My question:  Does asking kids to solve problems help develop the prefrontal cortex or are we unfairly asking them to do something they are neurologically unable to do?
  • When you think, learn, or do anything, the axon grows in diameter and the myelin becomes thicker.  Both of those things make signals travel faster.  (This starts in the second trimester of pregnancy and continues through your late 30s.)  This process shows up in MRI scans as increases in white matter and decreases in grey matter.
  • We also undergo synaptic pruning, a process in which energy and resources are conserved by taking away unassigned connections in the brain to reallocate the energy and resources to the connections that are actually used.  This is why the environment is so critical to brain development.
  • A lot of these studies are done on animals because it requires depriving them of certain factors and studying the effect on the brain.  This would be unethical to do with humans.
  • Using the Matrix Reasoning Task (non-verbal pattern games) shows that daily training for 20 days works better in older adolescents and adults.  This means learning reasoning improves with age.  We should not be accelerating kids in complex math classes.  The 14-15-year-old brain is not ready for it.
  • Since there is no average person, it is important to look at individual differences.  
  • ABCD study (NIH study on adolescent brain cognitive development)

Wrap Up Session – Putting it All Together - John T. Almarode
(I have no idea how these notes turned green, but I can't get them back to black.)



I actually got to talk to him before the session started.  
- We talked about Southern stuff.  
- He high fived me when I said I taught physics.  - He was even patient enough to take a picture with me and Talon.  
- He's the best.  I follow him on Twitter now.

Every technique must be adapted, depending on local context and timing.

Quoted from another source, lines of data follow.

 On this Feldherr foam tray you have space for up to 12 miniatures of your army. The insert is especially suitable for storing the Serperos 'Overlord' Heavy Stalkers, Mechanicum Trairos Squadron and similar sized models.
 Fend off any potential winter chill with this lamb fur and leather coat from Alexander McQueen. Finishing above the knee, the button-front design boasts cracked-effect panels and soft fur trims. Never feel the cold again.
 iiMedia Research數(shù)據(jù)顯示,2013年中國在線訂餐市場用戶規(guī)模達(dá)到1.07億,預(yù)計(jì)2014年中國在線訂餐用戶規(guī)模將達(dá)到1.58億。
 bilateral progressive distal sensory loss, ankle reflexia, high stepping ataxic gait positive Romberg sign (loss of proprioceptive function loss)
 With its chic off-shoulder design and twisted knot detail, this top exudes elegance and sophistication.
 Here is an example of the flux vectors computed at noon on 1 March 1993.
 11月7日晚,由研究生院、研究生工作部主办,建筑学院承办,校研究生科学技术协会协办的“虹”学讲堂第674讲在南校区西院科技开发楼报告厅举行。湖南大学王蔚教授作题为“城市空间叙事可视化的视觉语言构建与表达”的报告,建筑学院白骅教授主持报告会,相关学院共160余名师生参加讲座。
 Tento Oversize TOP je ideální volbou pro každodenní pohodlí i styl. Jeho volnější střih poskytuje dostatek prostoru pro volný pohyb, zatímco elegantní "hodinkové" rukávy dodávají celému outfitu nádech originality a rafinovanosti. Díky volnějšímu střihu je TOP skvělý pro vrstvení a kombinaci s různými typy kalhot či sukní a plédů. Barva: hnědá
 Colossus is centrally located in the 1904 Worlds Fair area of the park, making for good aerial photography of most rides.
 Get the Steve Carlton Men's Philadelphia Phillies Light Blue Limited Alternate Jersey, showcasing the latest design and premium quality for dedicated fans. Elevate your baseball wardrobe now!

1. We remember what we encode.
  • Rote encoding (just knowledge)
  • Elaborate encoding (explanations of meaning)
    • Individuals need multiple ways of representing information
    • Encourage students to FIND patterns, not repeat patterns.
    • Emotional engagement (can be achieved with something as little as providing choice)
2. We remember what we retrieve,
  • The place for a worksheet is retrieval practice.
  • Spaced retrieval practice (Use professional judgment to decide when)
  • Right when they are about to forget it is the best time to do retrieval practice.  A forgetting curve becomes a remembering curve if we space out retrieval practice.
  • Make thinking visible:
    • Ask students to observe and describe what they see.  
    • Have them build examples.  
    • Don’t let them just give an answer without a reason. 
    • Have them make connections.  
    • Promote asking questions.
  • Note-taking should short and followed up with a question that requires them to retrieve from their notes.  Turn to a neighbor and make adjustments to your notes based on the answer to your question.
3. Learning takes time.
  • Play $100000 Pyramid - Students have to describe what something is and get someone else to guess.
  • Interleaving (distributed practice) is more effective than blocked practice, but it is also more uncomfortable.  This is a desirable difficulty.  The struggle is real and valuable, and helping them get through it is part of the instruction.  It causes them to discriminate between characteristics, which helps them understand it better and have it stick around a lot longer.
4. Give and receive feedback.
  • None of this works without feedback.
  • If a person slips and falls, you will help them up and then go around wherever they just walked.  You live every day on feedback.
    • Where am I going?  Prompting is feedback for students.  “Remember, today we are doing . . .”
    • How am I going?  Can you give me an example?  Can you show me how you . . .?”
    • Where do I go next?  Give some guidance about what they can do to make it right and then bring it back to you.  Sometimes it means giving them the answer, but usually, it means pointing them in the direction where they can find the answer.